First of all, when we need to let the server and the client communicate, we can create a listening socket (Listening Socket) that listens to the client connection on the server side through the following three steps:
Call the socket function to create a socket. Under normal circumstances, we call this socket an active socket
Call the bind function to bind the active socket to the IP and listening port of the current server;
Call the listen function to convert the active socket into a listening socket and start listening for client connections.
After completing the above three steps, the server can receive the client’s connection request. In order to receive the client's connection request in a timely manner, we can run a loop process in which the accept function is called to receive the client's connection request.

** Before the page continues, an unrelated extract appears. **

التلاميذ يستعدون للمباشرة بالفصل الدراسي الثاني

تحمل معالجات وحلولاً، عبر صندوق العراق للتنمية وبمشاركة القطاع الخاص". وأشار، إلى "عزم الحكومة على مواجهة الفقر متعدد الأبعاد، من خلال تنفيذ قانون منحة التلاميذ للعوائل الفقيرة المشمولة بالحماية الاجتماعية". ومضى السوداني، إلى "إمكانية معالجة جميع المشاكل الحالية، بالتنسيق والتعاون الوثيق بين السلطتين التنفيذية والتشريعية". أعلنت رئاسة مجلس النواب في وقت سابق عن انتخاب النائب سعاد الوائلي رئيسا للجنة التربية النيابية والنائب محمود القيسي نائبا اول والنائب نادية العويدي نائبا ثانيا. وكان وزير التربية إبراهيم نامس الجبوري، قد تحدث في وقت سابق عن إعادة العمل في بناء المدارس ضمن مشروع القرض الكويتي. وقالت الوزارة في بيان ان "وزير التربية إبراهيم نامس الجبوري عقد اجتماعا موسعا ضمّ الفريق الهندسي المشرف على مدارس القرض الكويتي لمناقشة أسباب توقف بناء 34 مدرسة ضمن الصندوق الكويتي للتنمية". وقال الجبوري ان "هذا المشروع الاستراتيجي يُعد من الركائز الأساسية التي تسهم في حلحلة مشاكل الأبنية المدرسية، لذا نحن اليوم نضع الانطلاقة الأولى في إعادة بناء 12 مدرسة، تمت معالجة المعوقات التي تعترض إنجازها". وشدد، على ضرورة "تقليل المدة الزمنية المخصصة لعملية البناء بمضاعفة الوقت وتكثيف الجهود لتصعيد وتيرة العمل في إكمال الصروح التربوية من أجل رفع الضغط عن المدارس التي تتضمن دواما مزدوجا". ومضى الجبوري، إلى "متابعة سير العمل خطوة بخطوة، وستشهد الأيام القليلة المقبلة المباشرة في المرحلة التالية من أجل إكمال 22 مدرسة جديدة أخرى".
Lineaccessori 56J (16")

What you need to note here is that the accept function is a blocking function. That is to say, if there is no client connection request at this time, then the server-side execution process will always be blocked in the accept function. Once a client connection request arrives, accept will no longer block, but process the connection request, establish a connection with the client, and return the Connected Socket.

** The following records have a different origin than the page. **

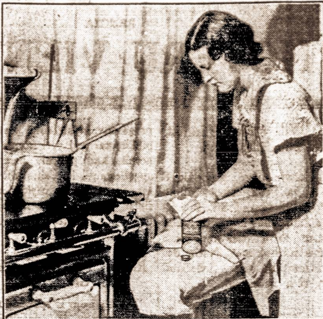
A potential victim is the housewife who uses cleaning fluid near the open flame of her kitchen stove.

THE dangers that lurk in the home have only been brought forcibly to the attention of the public within the past two years, through activity of the American Red Cross and other safety agencies. Public attention has been concentrated in greater degree upon the upward trend of the death toll from motor accidents. In 1937 motor vehicle accidents claimed 33,500 lives. Accidents in the home claimed 32,500 lives.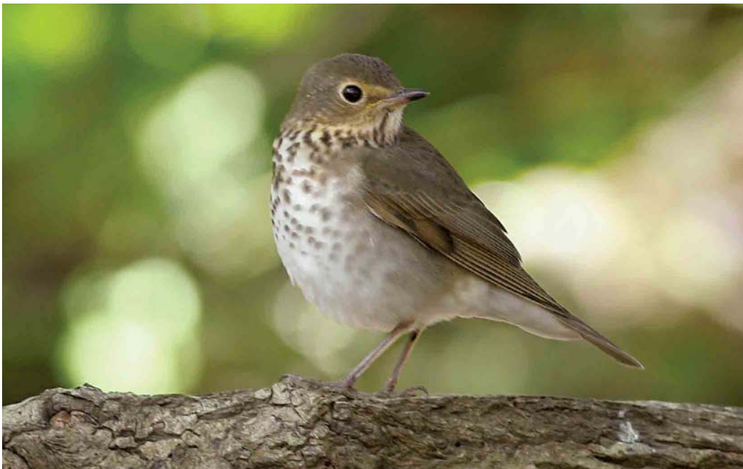
540 Swainson's Thrush / Dwerglijster Catharus ustulatus , Ouessant, Finistère, France, 3 October 2006 (Vincent Legrand)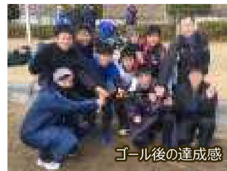
ゴール後の達成感

この駅伝は一般男子1部に、昨年末の全国高校駅伝を制覇した倉敷高校チームも参加するほどのレベルの高い大会です。6人のランナーは、強豪の高校生や実業団チームと渡り合い、2部で19位（完走チーム41チーム）でゴール。タイムは1時間25分09秒で、これは強豪がそろそろ1部でも15位に相当する素晴らしいタイムでした。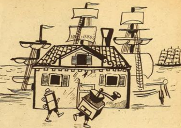
...la casa è un porto di mare...

ogni istante, senza una tregua; deve organizzare la sua raccolta, sorvegliare che nulla finisca nella spazzatura, darsi un metodo, abituarsi in una parola ad essere un elemento produttivo, fino all'acquisto di una educazione e di una disciplina di ordine nei ricupero, utile a sé e alla Patria.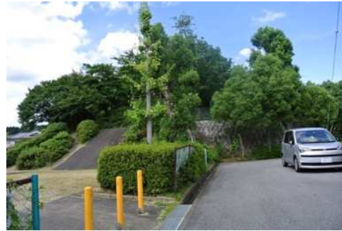
要望4 日吉台第3号公園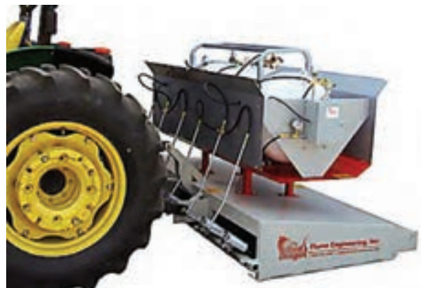
تصویر ۹-۶- انواع شعله افکن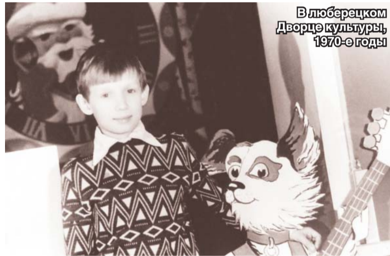
В люберецком Дворце культуры, 1970-е годы

Богдан КОЛЕСНИКОВ Фото автора и из архива А.П. Мурашкина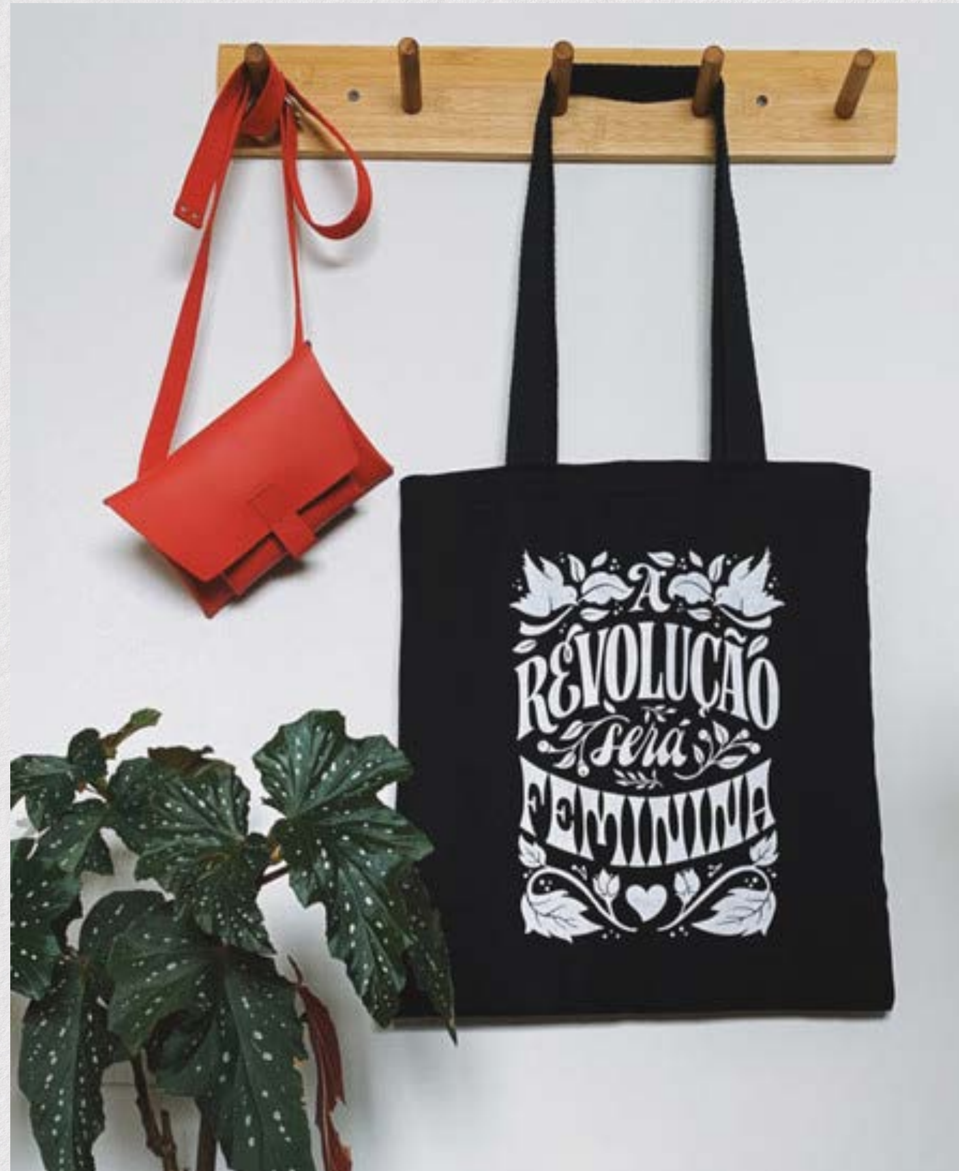
Ecobag, Cris Pagnoncelli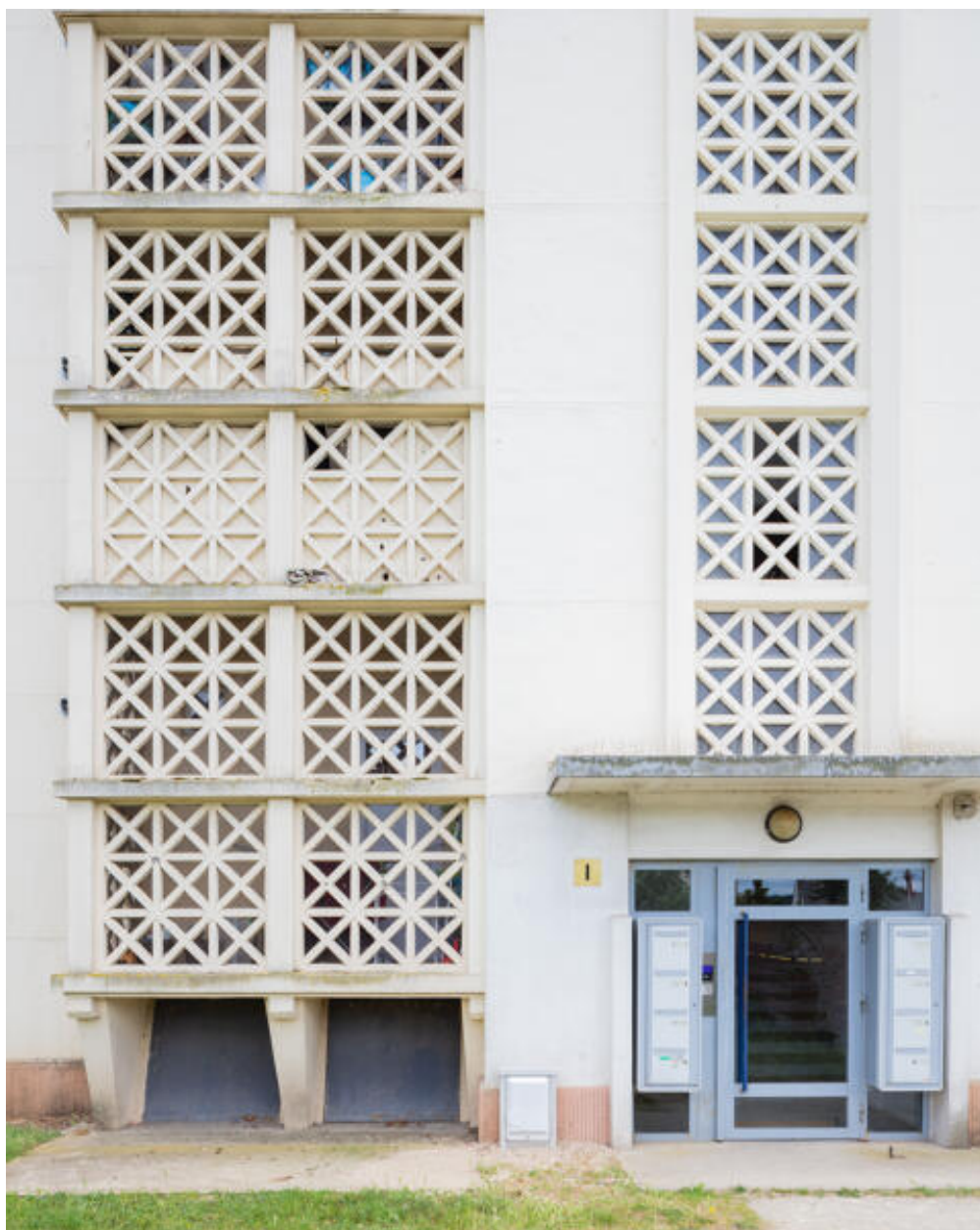
Détail du béton moucharabieh sur la travée centrale du bâtiment A.

Finally, the server can receive and process read and write requests on the connected socket just returned by calling the recv or send function, or send data to the client.
Code:
listenSocket = socket(); //调用socket系统调用创建一个主动套接字 bind(listenSocket); //绑定地址和端口 listen(listenSocket); //将默认的主动套接字转换为服务器使用的被动套接字,也就是监听套接字 while(1) { //循环监听是否有客户端连接请求到来 connSocket = accept(listenSocket);//接受客户端连接 recv(connSocket);//从客户端读取数据,只能同时处理一个客户端 send(connSocket);//给客户端返回数据,只能同时处理一个客户端 }
However, from the above code, you may find that although it can achieve communication between the server and the client, every time the program calls the accept function, it only Can handle a client connection. Therefore, if we want to handle multiple concurrent client requests, we need to use multi-threading to handle requests on multiple client connections established through the accept function.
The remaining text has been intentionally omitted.